Autumn Touched


11/30/4722

The room at the inn is cold despite the fire. Your companions are already asleep—you can hear Jorato’s steady breathing from the next bed, Nadja’s almost imperceptible silence in her corner. Even the ever-vigilant Kong has finally succumbed to exhaustion.

Your hands still feel strange, the cut from the leaf is healed but your palm is stained October red and harvest-gold. The color won’t wash off because it’s not on your skin. It’s in your skin. The color won’t wash off no matter how hard you try to scrub. Finally you stop trying to scrub it away and make your way to your bed. The pillow is soft. The blanket heavy. Your eyes close.

And autumn takes you.

You stand at the heart of an endless field of wheat; golden, silent, waiting. Not pleading. Not begging. Just watching. The way predators wait.

“He comes, they whisper to each other. Autumn’s hand. The one marked.”

A scythe grows FROM your hands. Roots spreading up your arms. Wood merging with flesh.

“You are the harvest, the wheat says.” Not to you. About you. “Always were.”

“I’m a guardian—”

“Were,” says Commander Hareth’s voice says from everywhere. “Until Gallowspire. Until we fell and you were… saved.” The word drips poison.

The scythe moves without you. Where it cuts, things age. Rot. You taste every death—copper and rust.

“Wrong side of the blade now,” Hareth says.

You try to scream but an October wind pours from your mouth. Wind that kills flowers. That strips trees bare. Your breath is autumn itself.

Suddenly you stand in familiar ruins where your garrison stands in rows. Every knight who died at Gallowspire. Patient. Still. Not quite dead. Not quite alive. Preserved in the moment of their deaths. Forever falling. Forever bleeding. They don’t speak to you. They just watch with eyes reflecting nothing but the changing of the season. The scythe grows heavier. You look down. Your armor rusts as Autumn slowly eats the metal. Your hands are still yours but the nails are too long, pointed, dark as old wood. When you flex your fingers, they move wrong.
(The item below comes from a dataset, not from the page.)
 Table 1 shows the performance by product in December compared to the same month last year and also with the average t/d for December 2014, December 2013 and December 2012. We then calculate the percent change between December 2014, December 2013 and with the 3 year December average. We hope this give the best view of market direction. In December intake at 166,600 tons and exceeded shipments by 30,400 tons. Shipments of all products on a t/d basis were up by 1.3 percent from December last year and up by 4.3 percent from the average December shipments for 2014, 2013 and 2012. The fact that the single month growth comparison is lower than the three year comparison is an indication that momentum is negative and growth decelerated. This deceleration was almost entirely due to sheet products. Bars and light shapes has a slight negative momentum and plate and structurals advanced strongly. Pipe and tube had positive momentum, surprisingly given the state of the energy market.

Looking up you see Mira standing among the knights. Neck still broken from your hammer.

“Autumn doesn’t lie”, the ghost of Mira says. “Autumn just shows what summer tries to hide. What you are trying to hide from since Gallowspire.
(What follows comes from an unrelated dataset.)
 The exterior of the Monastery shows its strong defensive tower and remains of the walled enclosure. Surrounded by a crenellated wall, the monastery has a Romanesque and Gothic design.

For a moment you see yourself at Gallowspire, buried under rubble, something cold watching from the dark. You at the crossroads, holding a leaf that is not a leaf. You in a hundred years, still ending things. All at the same. All versions of you holding the same scythe. This isn’t transformation, its recognition.
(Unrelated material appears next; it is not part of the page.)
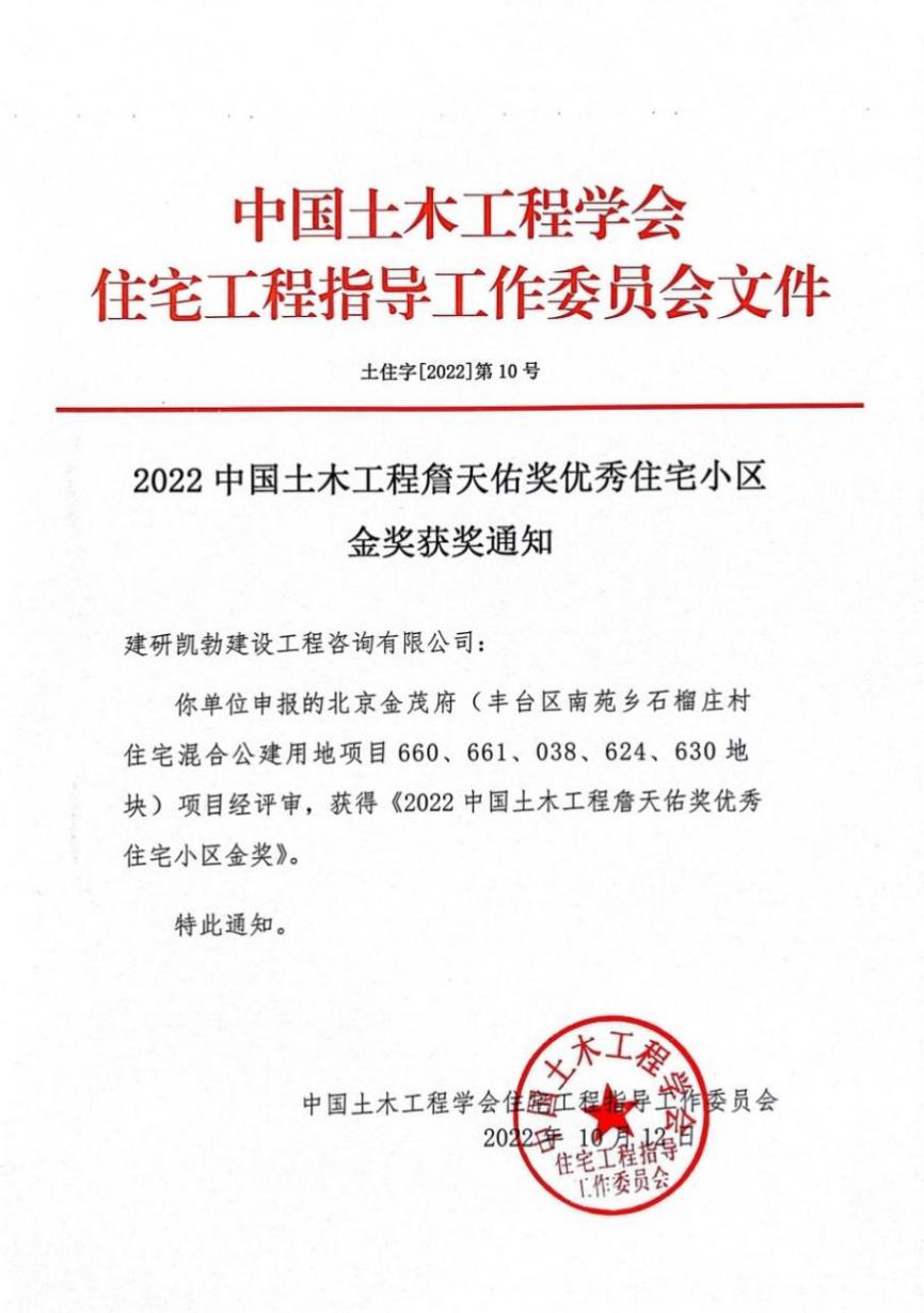 近日,中国土木工程学会住宅工程指导工作委员会公布了“2022中国土木工程詹天佑奖优秀住宅小区金奖”评选结果,建研凯勃公司监理的“北京金茂府(丰台区南苑乡石榴庄村住宅混合公建用地项目660、661、038、624、630地块)”工程荣获“2022中国土木工程詹天佑奖优秀住宅小区金奖”。

Your body moves without asking swinging the scythe. One knight. Then another. And another. They fall like leaves. Bright autumn leaves, always falling. Their armor crumbles to rust leaving holes in the world. And the leaves whisper to you about inevitability of it all.

You are back in the field but the wheat becomes children. Every child you failed to save. Silent. Waiting their turn. Mira is there too looking up at you with accusing eyes.

“You killed me to save me,” she says in a voice like wind through rotted out hollow tree. “But who’s going to save you, Hugh? Who’s going to harvest the harvester?”

The scythe swings. You don’t want it to but you can’t stop it. She falls and becomes leaves. Becomes compost. The other children step forward. Not eager. Not afraid. Simply ready. And you do it. The scythe swings and swings and with each swing you you can feel the wood replacing your bones. until you are not holding the scythe. You are the scythe.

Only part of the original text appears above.